Spencer’s view is that the industry will have fewer CRE professionals in ten years, not more, and that the roles remaining will be more competitive and better compensated. The consequence is that employers will not have the time or appetite to train fundamentals on the job the way they once did, candidates who arrive with a technical foundation already built have a structural advantage. The path that worked in 2020, get a degree, get a job, learn the mechanics over two or three years, is increasingly insufficient for the pace of change the industry is navigating.
What role does a program like the A.CRE Accelerator play in this environment?
Spencer described the A.CRE Accelerator as exactly the kind of technical foundation-building that matters now, focused on valuation mechanics, cash flow modeling, and the conceptual frameworks that let a CRE professional evaluate an AI’s output rather than simply accept it. Sam noted that the Accelerator has already begun integrating AI into its curriculum, reflecting where the industry is heading.
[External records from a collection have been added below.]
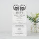 Menu de Casamento Preto e Branco do Crânio Floral Gótico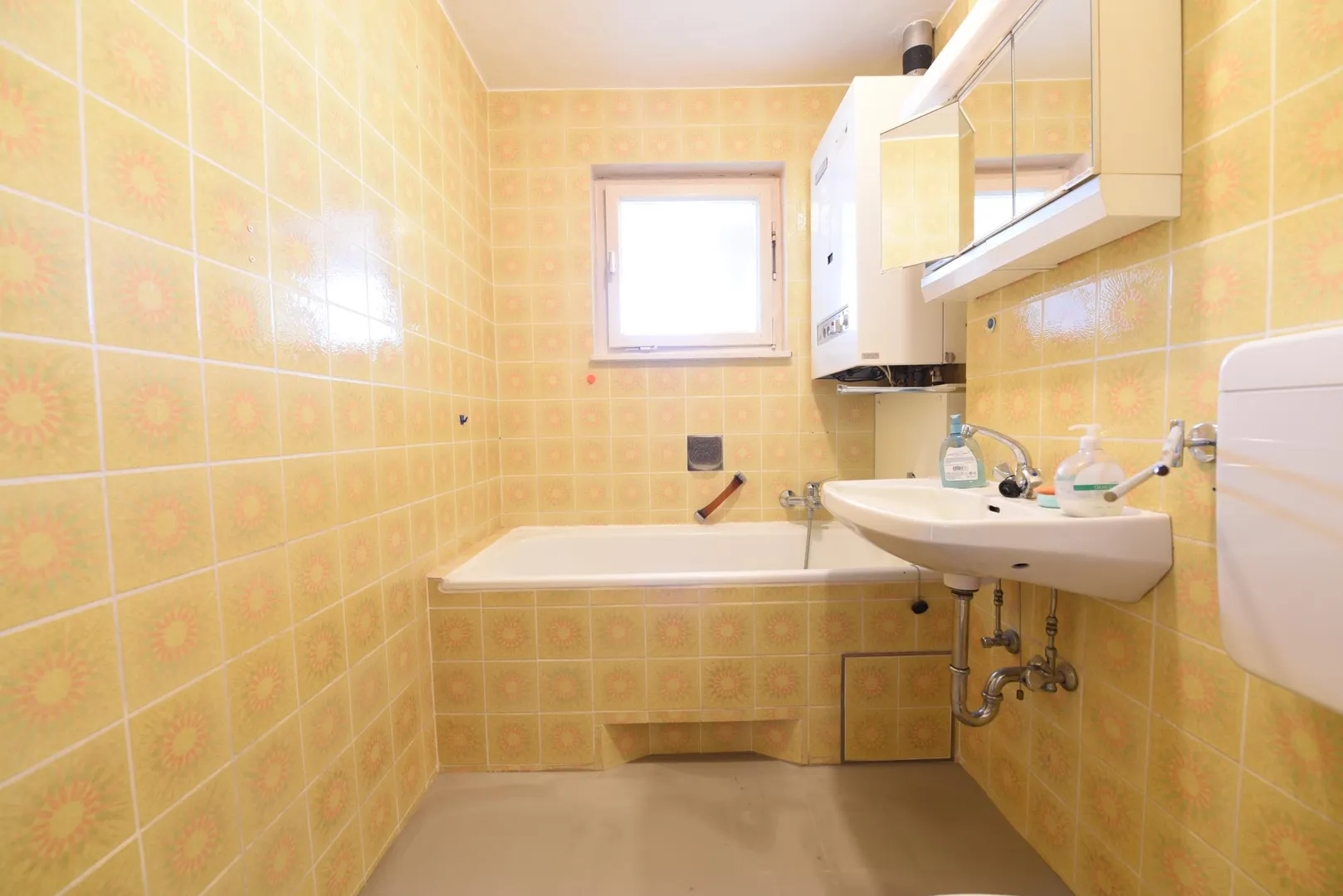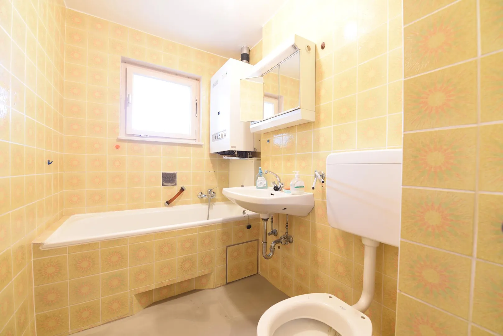 Das Badezimmer mit Fenster ist mit gelblichen Fliesenwänden, einer Badewanne und einem WC ausgestattet.
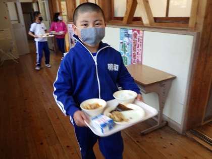 今日来てくださった栄養教諭の先生が、足助の子どもたちの給食の献立を考えてくださっています。給食はバランスよくつくられています。感謝して、もりもり戴いています。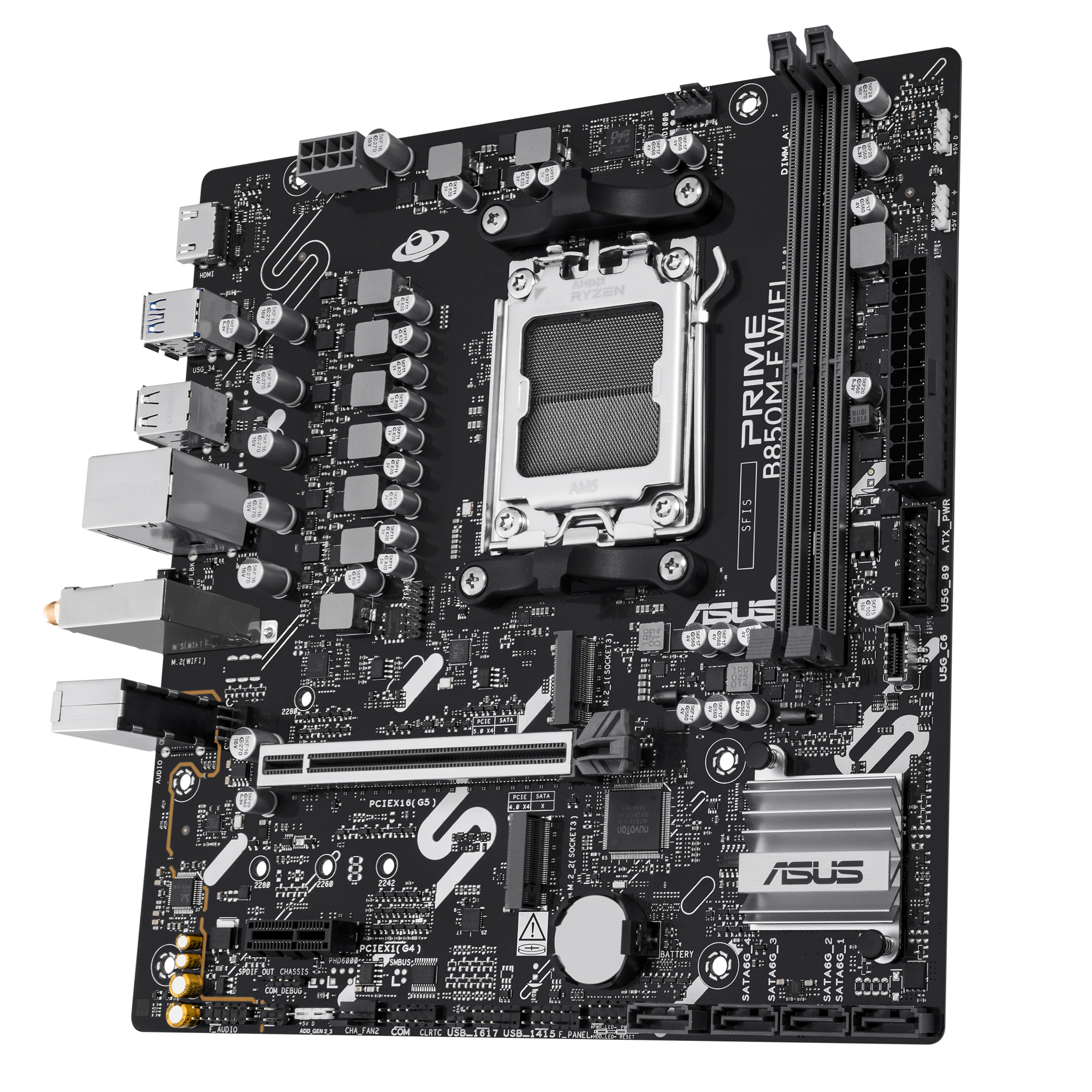 Conçue autour du chipset AMD B850, l’ASUS PRIME B850M-F WIFI accueille les processeurs AMD Ryzen 7000/8000/9000 sur socket AM5 pour bâtir une configuration gaming ou multimédia fiable. Au quotidien, vous profitez d’une plateforme Micro ATX facile à intégrer dans un boîtier compact, tout en conservant l’essentiel pour jouer, créer et travailler avec une excellente stabilité.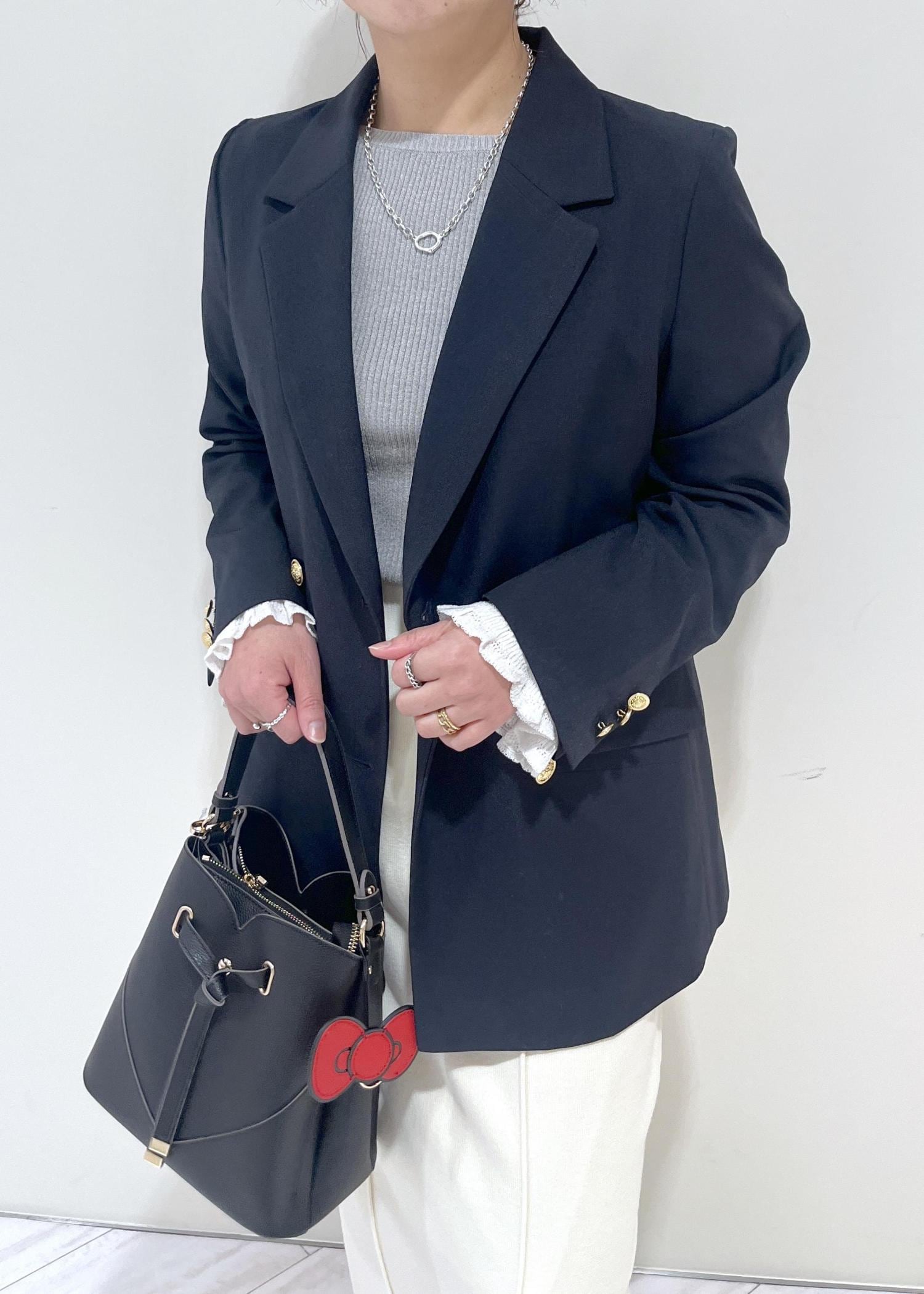 ジャケットのインナーもシンプルにまとめつつ、ちょっぴり遊び心も入れてハローキティコラボのハートバッグでアクセントを入れました♡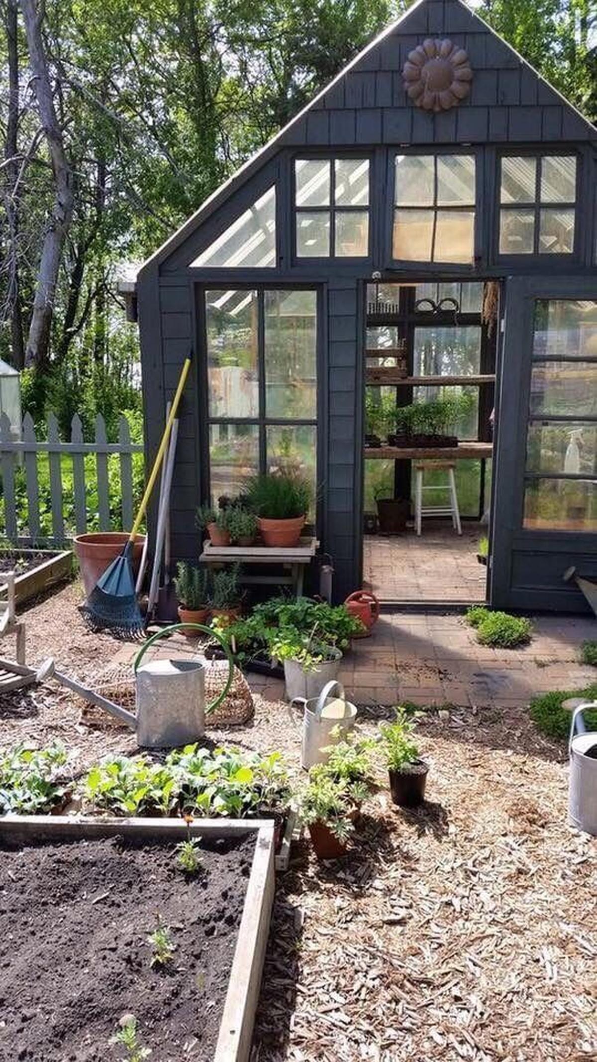 A charming greenhouse nestled in a lush garden corner invites creativity and cultivation.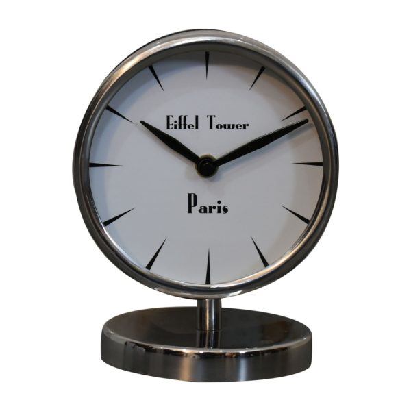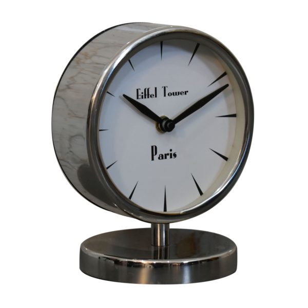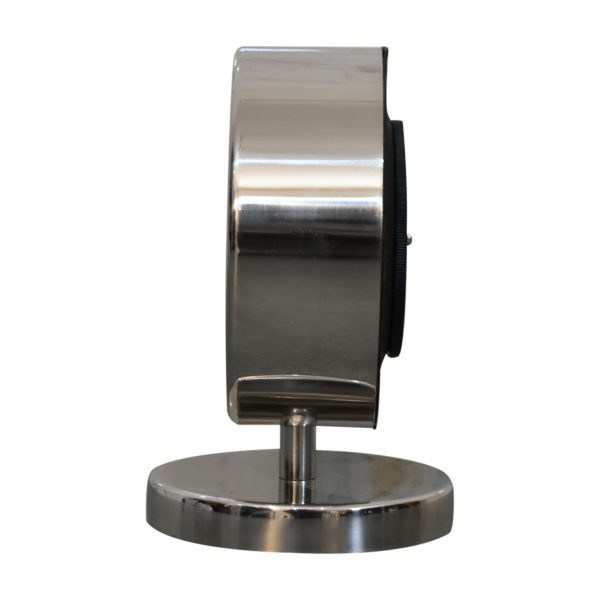 This round clock is a sleek addition to your bedside table. It offers a chrome frame and base with a simple face and overall minimalist look that will blend with many décor styles.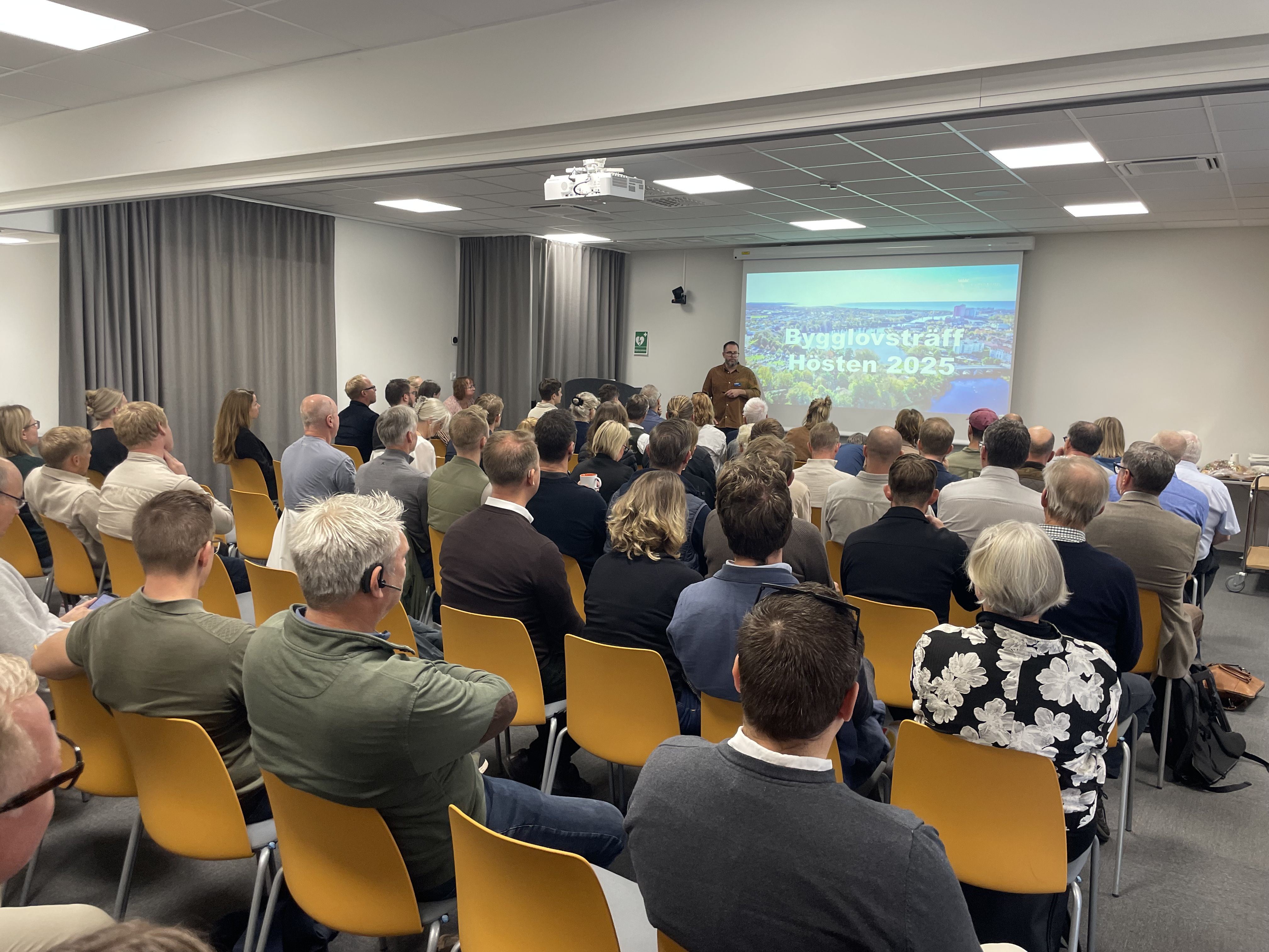Över 60 personer från bygg- och fastighetsbranschen i Falkenberg samlades i Sparbankshallen den 2 oktober för en genomgång av de nya byggreglerna som började gälla den 1 juli 2025.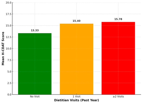 Mean H-CDAT scores by frequency of dietitian visits during the past year: Kruskal–Wallis test: no visit (13.33), one visit (15.40), ≥2 visits (15.78). Kruskal–Wallis test: H = 9.116, p = 0.01.
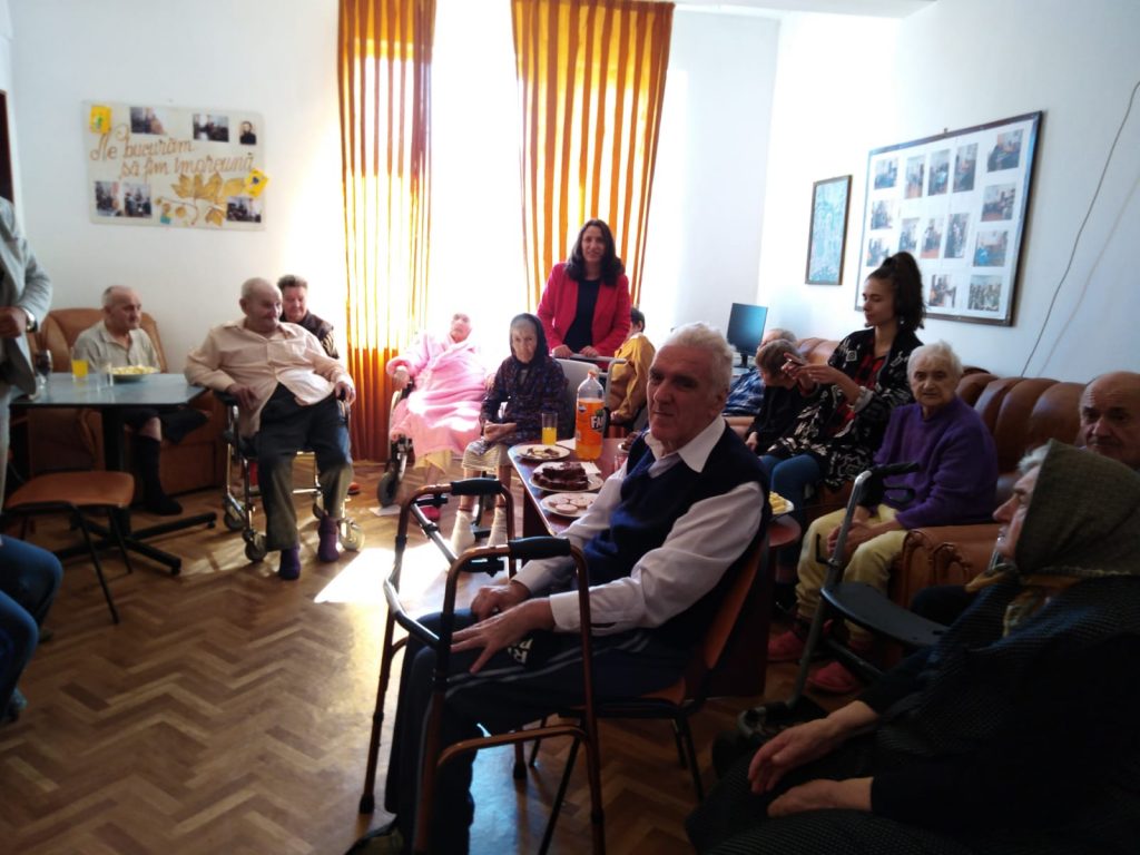 Bunicii internaţi la căminul pentru persoane vârstnice ,,Castanul” din oraşul Victoria au sărbătorit ,,Ziua internaţională a persoanelor vârstnice”. Evenimentul s-a desfăşurat, marţi, 1 octombrie 2019, începând cu ora 12.00, în camera de zi a instituţiei, unde beneficiarii căminului au cântat, au recitat şi au socializat alături de angajaţii centrului. Profesoara Aurelia Bogdan a recitat poezii de Mihai Eminescu, iar alţi beneficiari au cântat doine. ,,Ziua internaţională a persoanelor vârstnice” este marcată în fiecare an în data de 1 octombrie. Cu această ocazie încurajăm beneficiarii să participe la activităţi culturale. De ziua bunicilor le-am pregătit un tort şi le-am urat ,,La mulţi ani!”. Fiind o zi importantă, am organizat şi o masă festivă, iar bucătăresele au pregătit şi plăcintă cu mere” a spus Sorin Geczi, directorul de la căminul ,,Castanul”. În ,,casa bunicilor” au ajuns şi elevii de la Clubul copiilor din Victoria care au susţinut un program artistic în faţa bătrânilor de aici şi le-au oferit fructe şi dulciuri.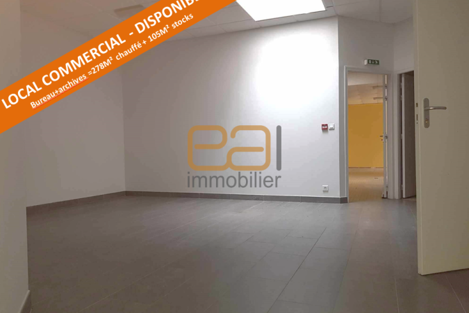 Le bâtiment est à usage de local commercial, disponible et bon état général, composé d'une entrée avec accueil, 4 bureaux, un coin cuisine, salle d'eau et sanitaires avec douche. Une zone servant de stockage + pièce d'archives. (278m² chauffé et 365m² sur son intégralité).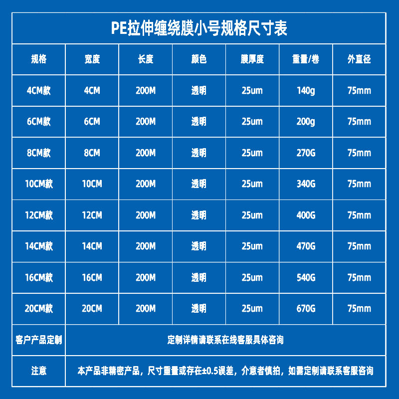 pe拉伸膜缠绕膜打包膜工业保鲜膜透明塑料嫁接薄膜保护膜小卷围膜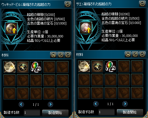 超越には各傭兵ごとに専用アイテムの「凝縮された超越の力」が必要です。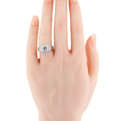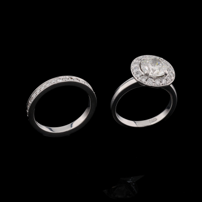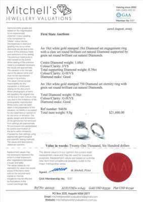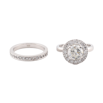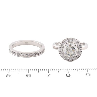 Engagement ring set. 1) Diamond halo ring with centre round brilliant cut Natural Diamond of approx. 1.68ct (Estimated grading: J VS) & round Natural Diamonds approx. 0.39ct (Estimated grading: G-H VS). Ring size: J1/2. 2) Diamond full eternity ring with round Natural Diamonds totalling approx. 0.36ct (Estimated grading: G-H VS). Ring size: K - Ring resizing is not recommended. Both Band width: 2.5mm. 18ct White gold. Total weight: 9.8g. With Valuation Certificate. (Pre-owned)

Both agreed that the value of a program like this is not in replacing the university path but in building the technical depth that the traditional path rarely provides.
What is the main takeaway from this episode for CRE professionals navigating the AI era?
The conversation converges on two irreducible advantages: technical fundamentals deep enough to evaluate and direct AI outputs, and a team cohesive enough to sustain the work over the long arc. Neither substitutes for the other. The AI tools available through communities like AI.Edge can multiply what a skilled, well-grounded professional does, but only if the foundation is there. Sam put it cleanly: get better at the fundamentals, because the better you are, the more AI can multiply you. That’s the whole argument.